Preliminary revisions to US labor market data are due to be released later on Wednesday. A significant downward revision is expected, which would support a cut in interest rates. The Federal Reserve’s minutes are also expected to reinforce a dovish stance.

On Thursday, the purchasing managers’ indices surveys will be released in the US and worldwide.

The falling dollar has pushed gold prices to record highs and brought the yen back to 145.67 against the greenback, up 1.6 percent this week and around 11 percent above the 38-year low hit last month.

The euro is up nearly 3% so far in August and is at its highest since early December at $1.1132 in Asian trading, testing key chart levels. (FRX/)

Interest rate futures have priced in a 25 basis point (bp) rate cut next month, with a 1/3 chance of a 50 bp cut. Cuts of almost 100 bp are priced in this year, and another 100 bp next year.

“The current weaker trend in the greenback is probably mainly due to expectations that a looser monetary policy from the Fed is getting closer,” Rabobank strategist Jane Foley wrote in a note.

“This raises the question of whether the Fed’s hopes for a rate cut are still exaggerated and whether there is a risk that the euro-dollar ratio will fall below $1.10 again in the short term.”

The chairman of the US Federal Reserve, Jerome Powell, is scheduled to give a speech at the Jackson Hole Symposium in Wyoming on Friday. The Australian and New Zealand dollars have recently recorded significant gains. The Aussie is trading at USD 0.6747 and the Kiwi at USD 0.6157. (AUD/)

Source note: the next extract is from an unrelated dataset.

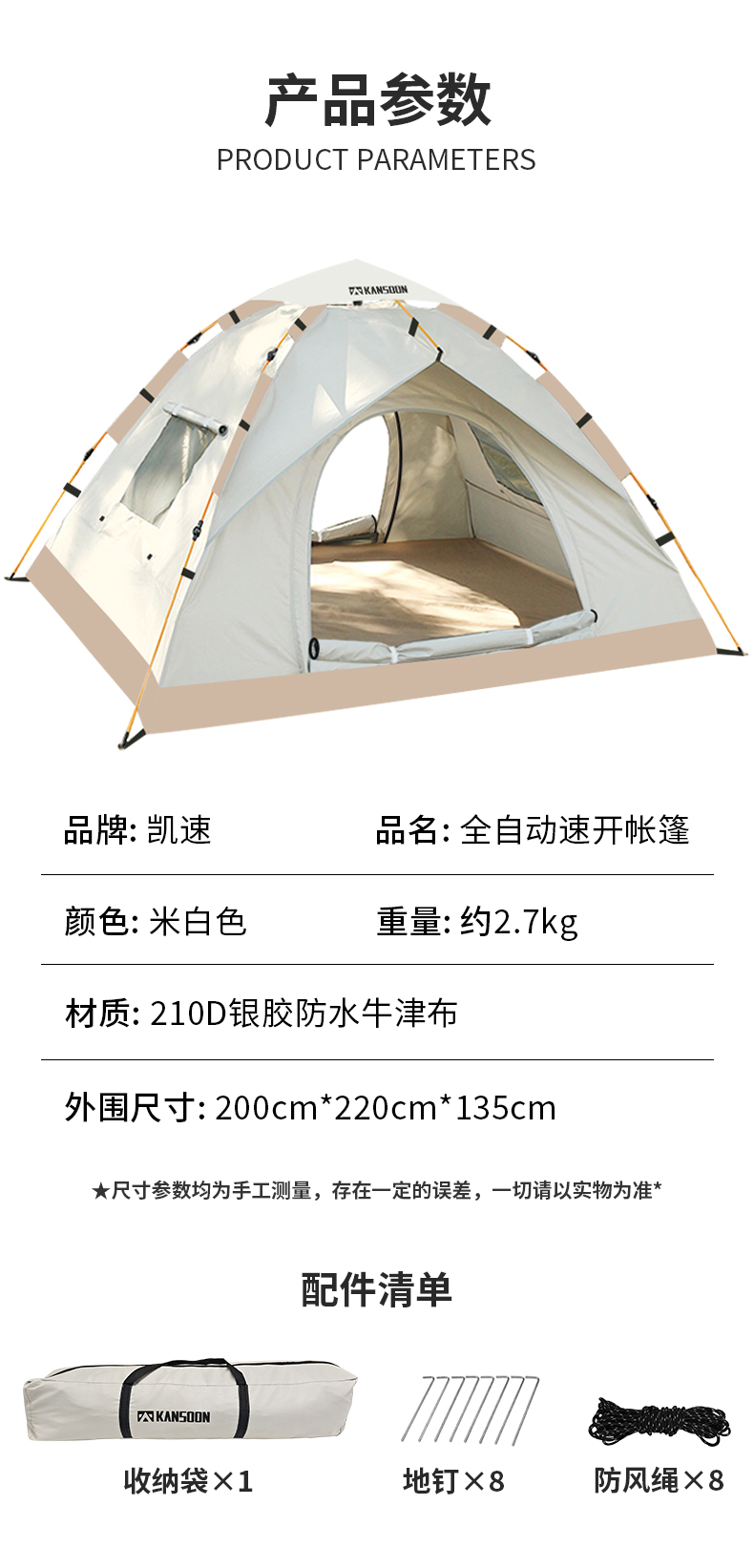 凯速户外全自动帐篷200cm*220cm*135cm米白色 ZP02

This sentiment supported bond markets, with the 10-year US Treasury yield falling slightly to 3.81%, while the 2-year Treasury yield remained at 3.99%.

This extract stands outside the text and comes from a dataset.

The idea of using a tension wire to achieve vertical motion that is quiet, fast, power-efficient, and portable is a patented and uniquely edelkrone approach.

Commodity prices stabilized, with Brent crude futures at $77.12 a barrel and the price of Dalian iron ore finding a bottom after Bloomberg reported that China would allow local governments to buy up unsold homes as part of its latest measure to support the property market.

China is the world’s largest consumer of steel and markets are sensitive to signs that the construction industry is picking up again. In Australia, shares of major mining companies remained stable.

The price of gold was $2,516 per ounce, just below the record level reached on Tuesday.

In emerging markets, the central banks of Thailand and Indonesia meet on Wednesday to set interest rates, although neither bank is expected to begin cutting rates before the Federal Reserve.